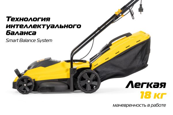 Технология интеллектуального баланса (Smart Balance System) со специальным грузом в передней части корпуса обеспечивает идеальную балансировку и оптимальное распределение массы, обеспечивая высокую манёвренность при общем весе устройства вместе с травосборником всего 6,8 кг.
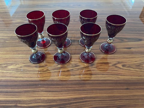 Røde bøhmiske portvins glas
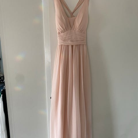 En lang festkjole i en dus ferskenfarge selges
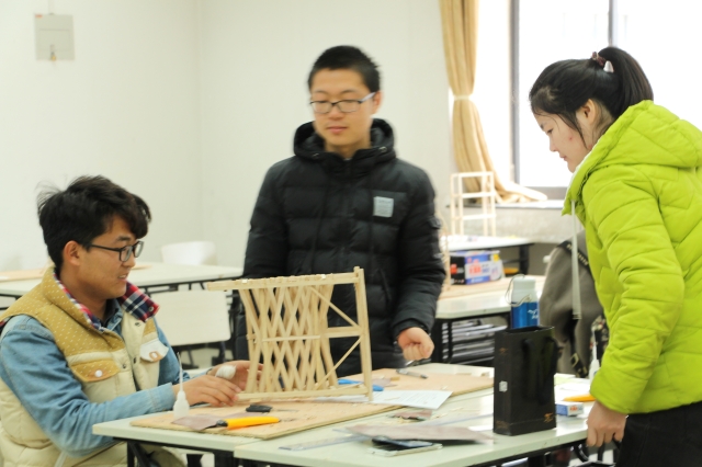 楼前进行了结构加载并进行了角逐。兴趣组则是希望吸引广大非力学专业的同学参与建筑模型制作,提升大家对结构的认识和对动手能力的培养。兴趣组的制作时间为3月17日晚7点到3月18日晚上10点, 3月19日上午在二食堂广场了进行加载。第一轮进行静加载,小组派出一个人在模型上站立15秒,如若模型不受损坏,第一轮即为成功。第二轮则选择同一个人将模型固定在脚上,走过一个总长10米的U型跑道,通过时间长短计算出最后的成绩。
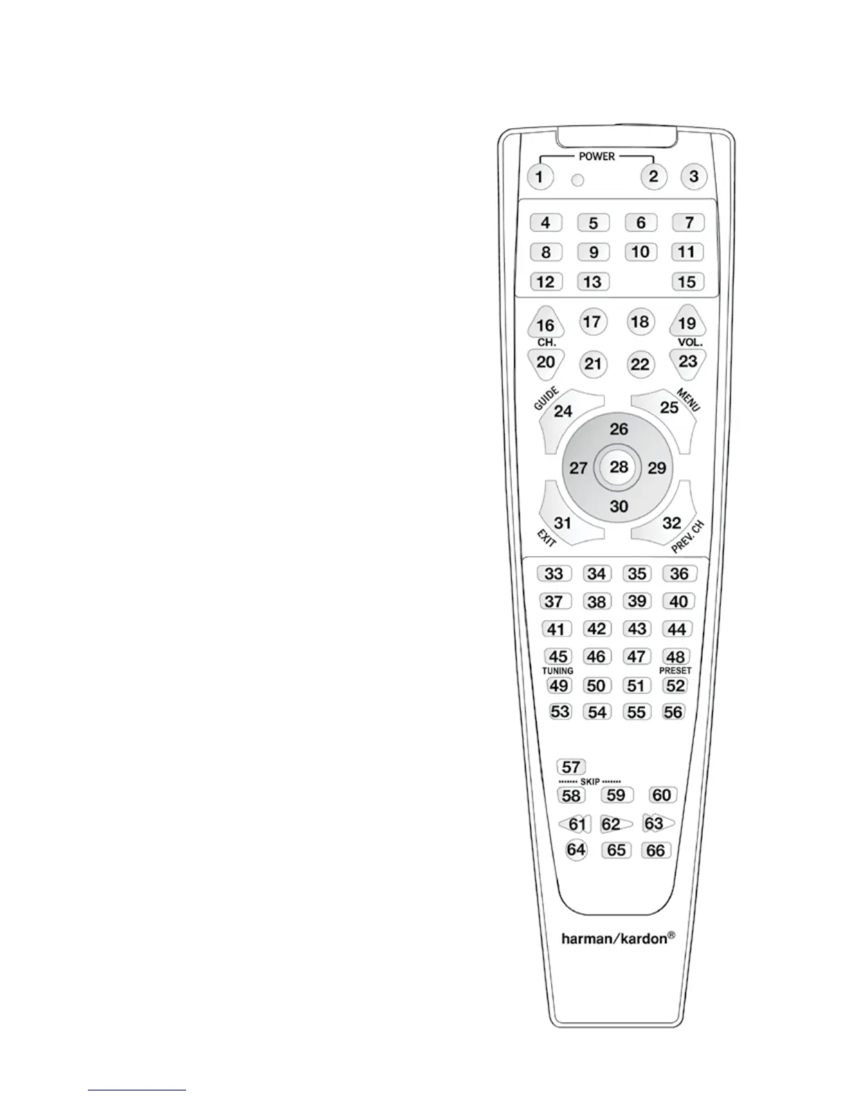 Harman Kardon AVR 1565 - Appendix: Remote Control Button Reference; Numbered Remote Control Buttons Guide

********************

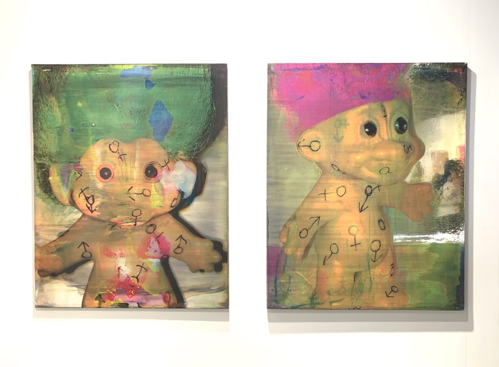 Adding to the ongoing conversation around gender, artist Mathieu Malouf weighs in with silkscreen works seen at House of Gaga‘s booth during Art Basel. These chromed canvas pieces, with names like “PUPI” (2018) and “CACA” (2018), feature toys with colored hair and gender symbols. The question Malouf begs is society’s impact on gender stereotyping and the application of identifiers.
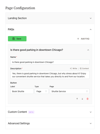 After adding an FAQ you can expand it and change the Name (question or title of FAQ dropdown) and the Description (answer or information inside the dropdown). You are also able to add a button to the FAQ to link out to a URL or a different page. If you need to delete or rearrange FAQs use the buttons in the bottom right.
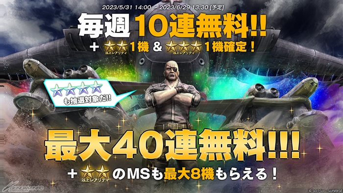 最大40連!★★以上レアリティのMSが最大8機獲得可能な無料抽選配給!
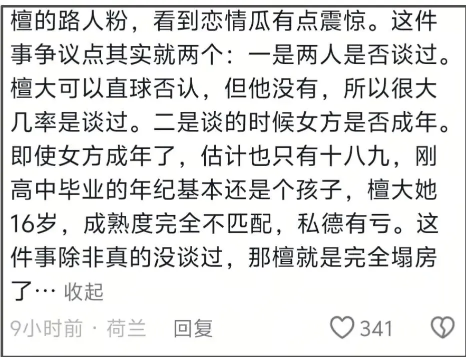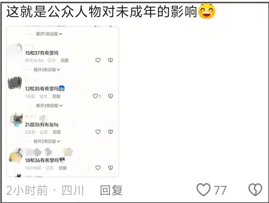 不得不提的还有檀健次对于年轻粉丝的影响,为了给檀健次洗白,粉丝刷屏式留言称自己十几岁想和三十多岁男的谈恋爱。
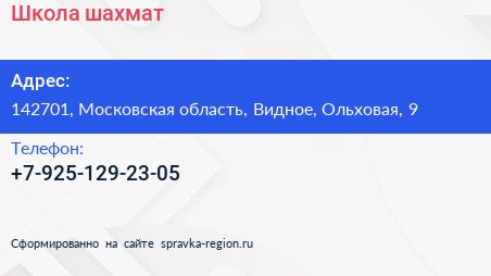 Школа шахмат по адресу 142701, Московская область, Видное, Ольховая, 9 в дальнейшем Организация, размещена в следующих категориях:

********************

== Assigned task ==
For the entries above, print exactly the lines between the one with "不得不提的还有檀健次对于年轻" and the one with "Школа шахмат по", inclusive, with no pictures.

== Task response ==
 不得不提的还有檀健次对于年轻粉丝的影响,为了给檀健次洗白,粉丝刷屏式留言称自己十几岁想和三十多岁男的谈恋爱。
 Школа шахмат по адресу 142701, Московская область, Видное, Ольховая, 9 в дальнейшем Организация, размещена в следующих категориях:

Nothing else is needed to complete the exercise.